The Heavenly Table

“Wonder why he calls himself Sugar, if that ain’t his real name?” Cob asked. “That seems kind of dumb to me. How’s anybody supposed to know who he really is?”


“Well, maybe he don’t like…” Cane started to say, but then he stopped. He looked over at Cob, at his cowboy hat and the red bandanna tied around his fat, sweaty neck and the pistol hanging at his side. He was the spitting image of the drawing on the last wanted poster they had seen, the one the store clerk had carried. Jesus Christ, why hadn’t he thought of that before? By the time Chimney found the bowler and made it back up to the road, Cane was in the process of changing their names and working on a line they could use. From here on out, he announced, at least until they crossed the border, he and Cob were Tom and Junior Bradford from Milledgeville, Georgia, and Chimney was their cousin, Hollis Stubbs. They were on their way to Canada to find an uncle.

“That’s it?” Chimney said. “Seems a little thin to me.” He set the bowler between his horse’s ears.

“We need to keep it as simple as possible. That way there’s less chance of screwing up.”

“What brought this on?”

“Something Cob said about the colored boy. I should have thought of it before.”

“You must be startin’ to slip if you got Cob giving you advice,” Chimney said.

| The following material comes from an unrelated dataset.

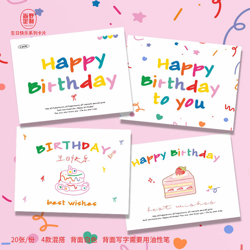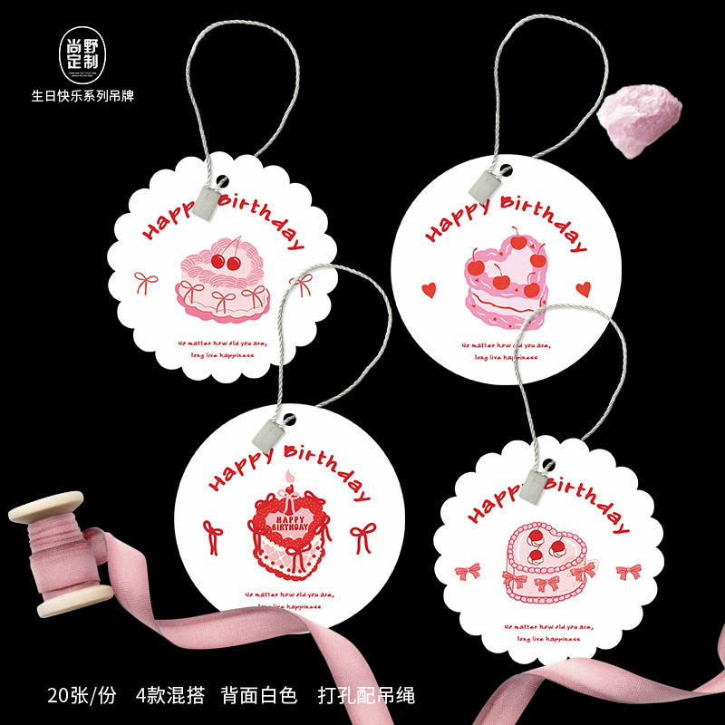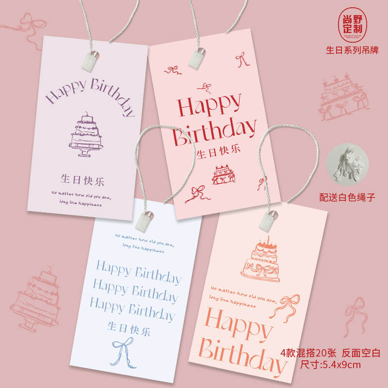 📚 粉色生日快乐卡片创意手绘蛋糕贺卡高级感花店烘焙装饰卡生日吊牌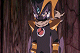 Netto and his remaining friends venture off towards the battles on the ground floor, and end up wandering through a strange area full of costumed people. Netto whispers to Tohru that it looks as if they've been surrounded by space aliens, but Tohru just responds that this certain area is holding a convention for a popular sci-fi show. Coincidently they run into their teacher, Mariko-sensei, who is also dressed very strangely. The kids call out to her, but she corrects them with her new fan-made name, "Hyo Khan".

“We got to change our looks, too,” Cane said, ignoring him. “Get rid of those cowboy hats and the neckerchiefs. And stick your pistols in your saddlebags.”

“You mean all of them?”

Cane stopped and considered for a few seconds. “No, you’re right. Maybe we better each keep one handy just in case.”

As they got ready to leave a few minutes later, Chimney said, “I still don’t feel right about you takin’ that shot away from me. I need to keep in practice.”

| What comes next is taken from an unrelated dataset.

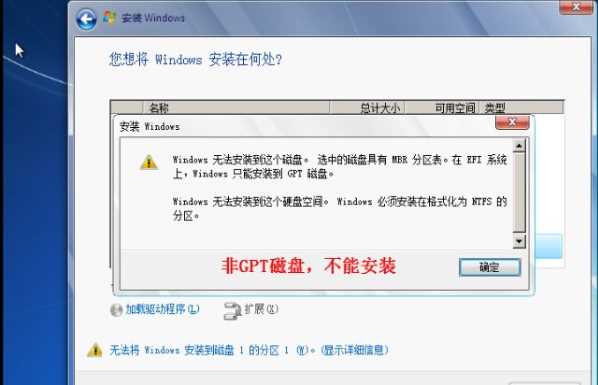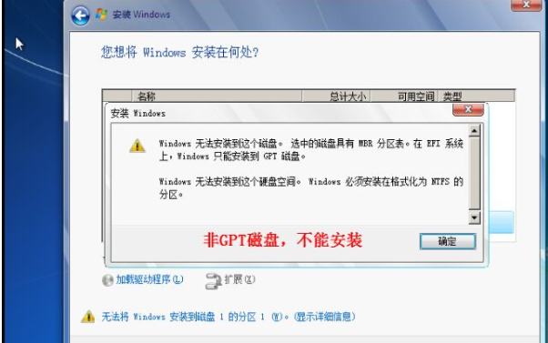 错误提示2:windows 无法安装到这个磁盘,选中的磁盘采用GPT分区形式;

Without a word, Cane grabbed the bowler off the horse’s head and tossed it to the ground a few feet in front of them. “Go ahead then, have at it.” Chimney smirked a little and pulled out his Smith & Wesson. Every time he fired, the hat skidded and tumbled a little farther down the road. He didn’t stop until the gun was empty. “There, ye satisfied?” Cane asked.

“I don’t know,” Chimney said, as he dug some bullets out of his pocket to reload. “But I reckon it’ll do till something better comes along.”





38


CRAWLING ON HIS belly until he reached the woods, Sugar then ran for another quarter of a mile or so before collapsing behind a fallen tree. He stayed there barely moving a muscle for over an hour. At one point he counted six shots being fired, and he hoped that maybe the motherfuckers had killed one another before one of them picked up his bowler. Finally, he got up the courage to sneak back to the field to look for it, but it was nowhere to be found. He kicked at the weeds and cursed his bad luck. The finest hat he had ever owned and now some sonofabitch dressed like Billy the Kid was going to take a dump in it.